Upon their discovery in 1850:

Gale was not a lumberjack, nor did he own a sawmill or a lumberyard. He was about to become involved in show business, and in the tree he saw the biggest attraction of his career. But the Mother of the Forest did not die easily. After Gale's men bored holes through the trunk of the giant sequoia with a long auger, they worked saw blades from one hole to the next. The sawyers, cautious of a 300-foot tree falling on them without notice, continued with great care. The five men worked 25 days to complete the task. According to one account of the event, the tree was so "straight and balanced" that it remained upright, even after it was sawed completely through. Wedges were forced into the cut with hammers and sledges; the trunk was smashed by a crude battering ram, fashioned from nearby lumber, but the Mother of the Forest did not topple.
Not until a wicked gale blew up, in the dead of night, did the tree begin to "groan and sway in the storm like an expiring giant and it succumbed at last to the elements..." Sounds of the crash of the giant sequoia carried 15 miles away to a mining camp; the tree buried itself 12 feet deep into the muck of a creekbed. Mud from the creek splashed 100 feet high onto the trunks of nearby trees. Later, forestry experts in the East estimated that the sequoia tree was 2,520 years old.
...Stripping of the bark was done "with as much neatness and industry as a troop of jackals would display in cleaning the bones of a dead lion." The rest was left to rot.

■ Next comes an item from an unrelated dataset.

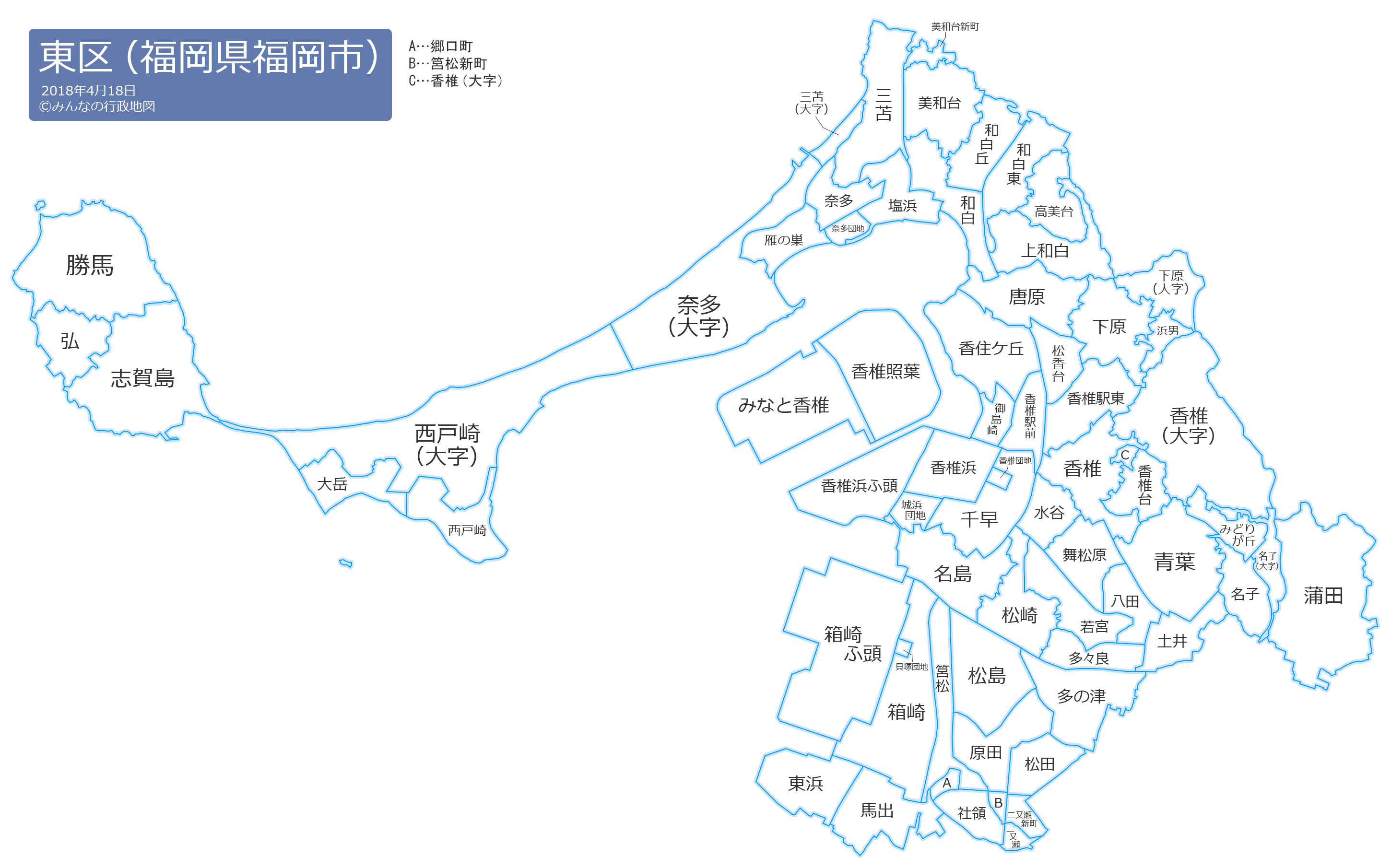 貝塚団地(かいづかだんち)香椎(かしい)香椎駅前(かしいえきまえ)香椎駅東(かしいえきひがし)香椎台(かしいだい)香椎団地(かしいだんち)香椎照葉(かしいてりは)香椎浜(かしいはま)香椎浜ふ頭(かしいはまふとう)香住ケ丘(かすみがおか)勝馬(かつま)蒲田(かまた)上和白(かみわじろ)雁の巣(がんのす)郷口町(ごうぐちまち)

The tree was so immense -- and stored enough water in its system -- that five years passed before its leaves turned brown and died.


http://www.radford.edu/~wkovarik/envhist/mother.html

Thanks again for your poem, TYJ. Very poignant. Sad.

Edit: I was mistaken in thinking I'd spent a couple of hours learning about the trees, but I did visit a handful of websites with information about them, and I learned A LOT. When I'd finished, I thought I'd surely been at it a couple of hours at least.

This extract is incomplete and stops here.